You're what's called out-custody. The only level below that is called community custody when you are not in total confinement, right? Now understand that in the camp, there's no cells, there's no, you know, cellmates and that stuff. You're, you're really just in a big dorm.
SourceAnd it's cot, cubby, cot, cubby, like lockers in between beds and rows of it with aisles in between so you can go to sleep. So it's, you know, I'll see if I can find some images of something that would similarly represent it so folks can have a visual understanding. But even then, the infrastructure of the facility is in decay.

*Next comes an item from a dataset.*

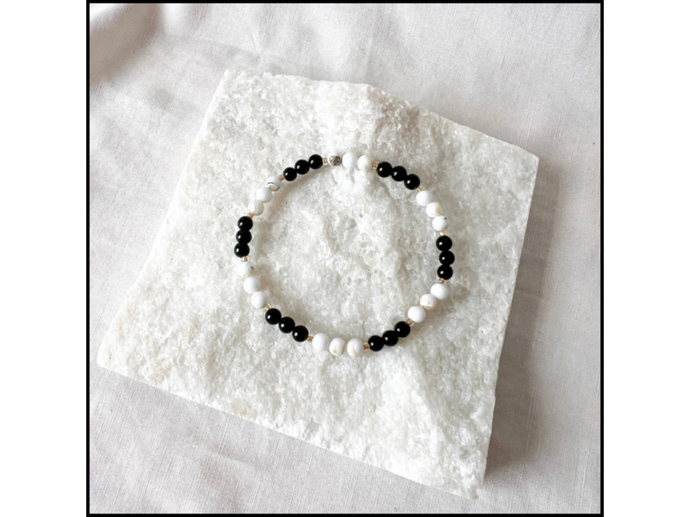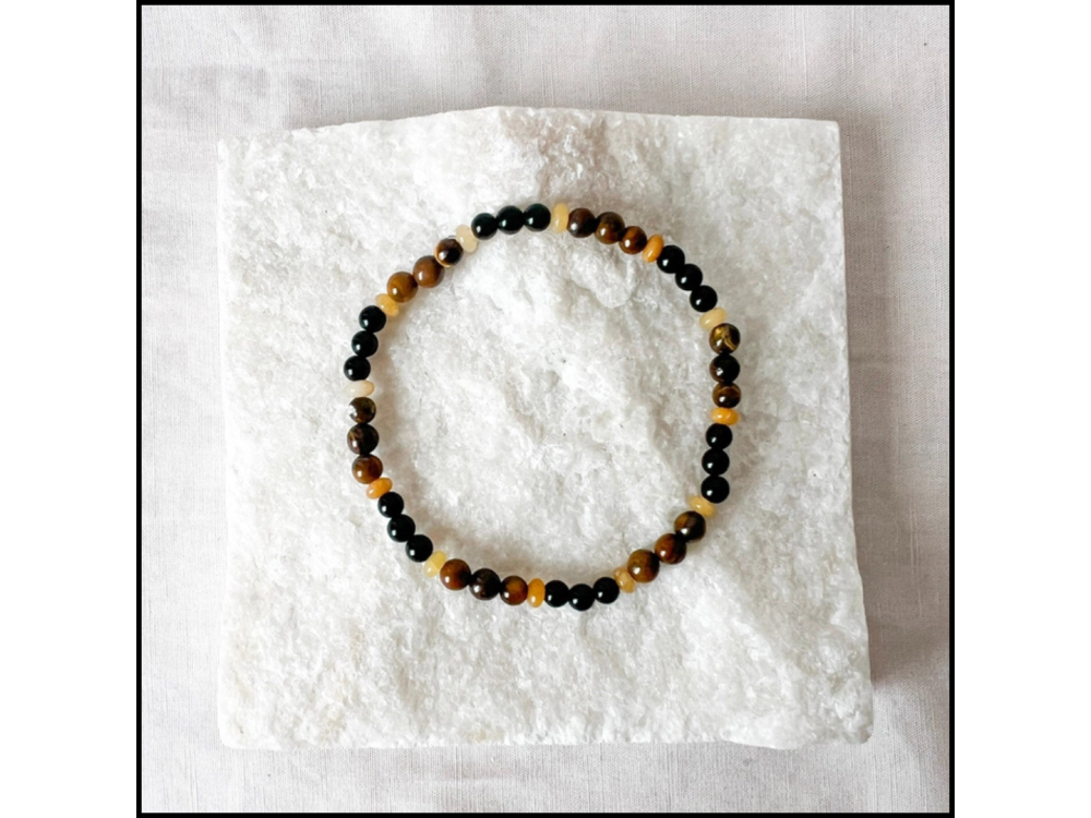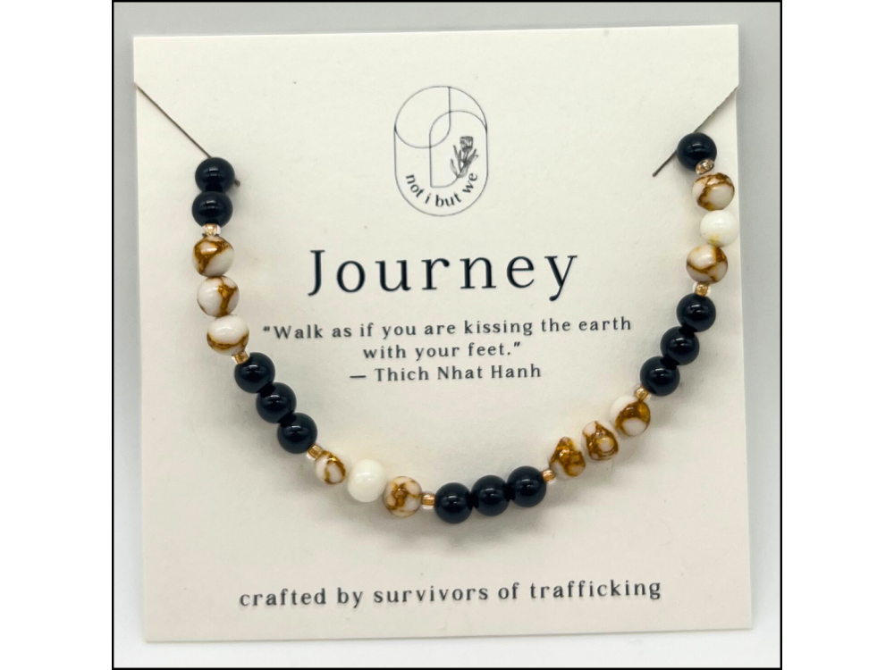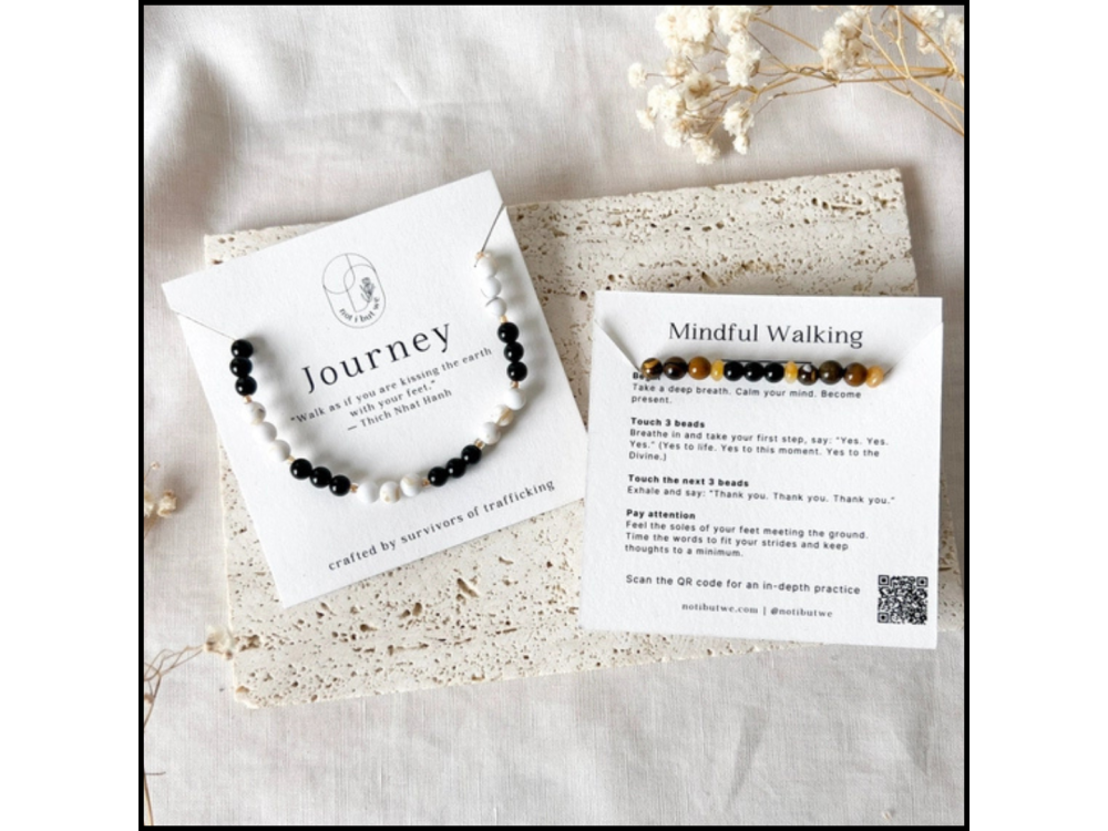 The Journey Bracelet is a handcrafted, semi-precious stone bracelet designed to support mindfulness, resilience, and healing. Featuring grounding Tiger’s Eye paired with your choice of calming Howlite or stabilizing Agate, this bracelet is both meaningful and wearable. It includes a simple breath and walking meditation practice inspired by Thich Nhat Hanh to encourage presence and gratitude. Each piece is ethically made by survivors of human trafficking in South Africa through Not I But We, a trauma-informed social enterprise. Wear it as a daily reminder to stay grounded, say “yes” to life, and find grace in every step of your journey. Materials: Tiger’s Eye, Howlite or Agate, durable stretch cord Features: Meditation practice built into bead design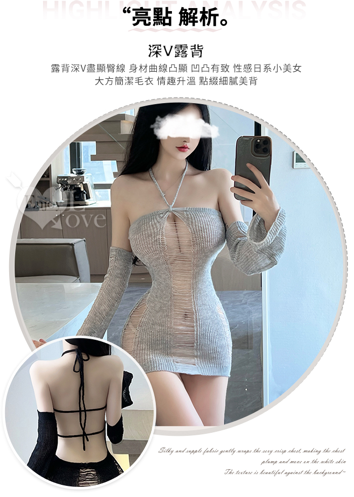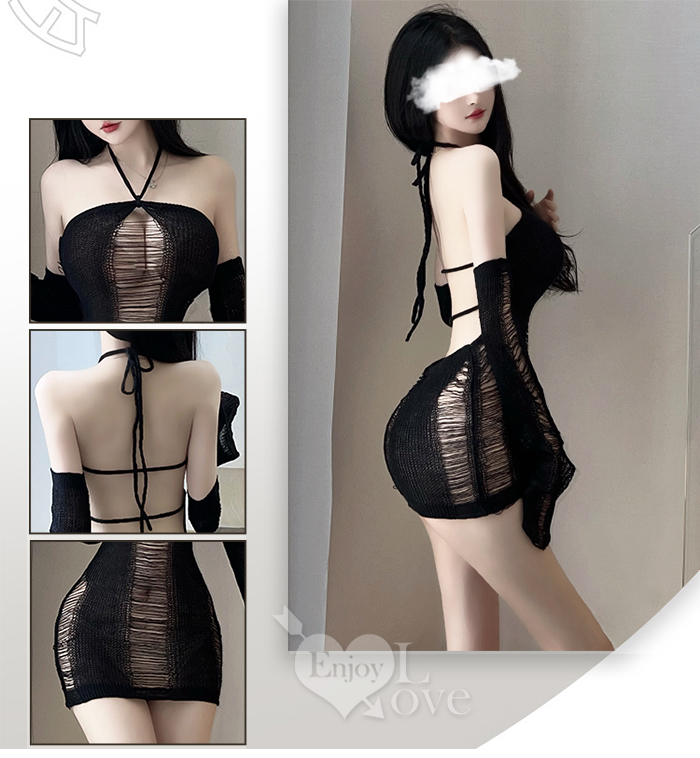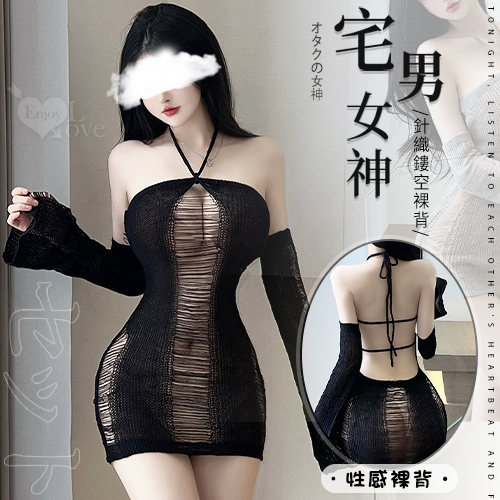 情趣夜店派對服!針織鏤空平口香肩裸背包臀裙喇叭袖兩件組﹝黑﹞

I mean, the whole ceiling is a vinyl and the vinyl is crawling in black mold and spores of black mold really literally falling in and all over people. My breathing issues became severely acute because of that. Every inmate goes into custody and they do blood work within, I think, the first 60 days.
Prior to going to custody, I did all these, this blood work situation. And I'm sorry that I'm going a little deeper into your question and a little off topic, but I want to just give you guys a little understanding. So I have both to compare.
When I went into custody, my blood work was essentially, well, obviously, I'm overweight, but I had no cholesterol issues, no triglyceride issues, no, no glucose issues, pretty normal levels on everything. Almost 60 days in there, I did my blood work, and it came back where my cholesterol now had been elevated. And that's entirely because of the diet that you're on.
The food is just absolutely horrible. I was in the kitchen for the first, what, 34 days. But you're eating A, expired food, chicken patties that were expired in 2024.
And the answer was, oh, but they keep well because they're frozen. We're eating expired canned goods. We're eating subpar quality meat, subpar quality everything.
I mean, I get it. It's prison. It's not supposed to be nice, but I think it should be dignified, right? So the meat quality is, I'll give you an example, like taco nights, right? Ground beef.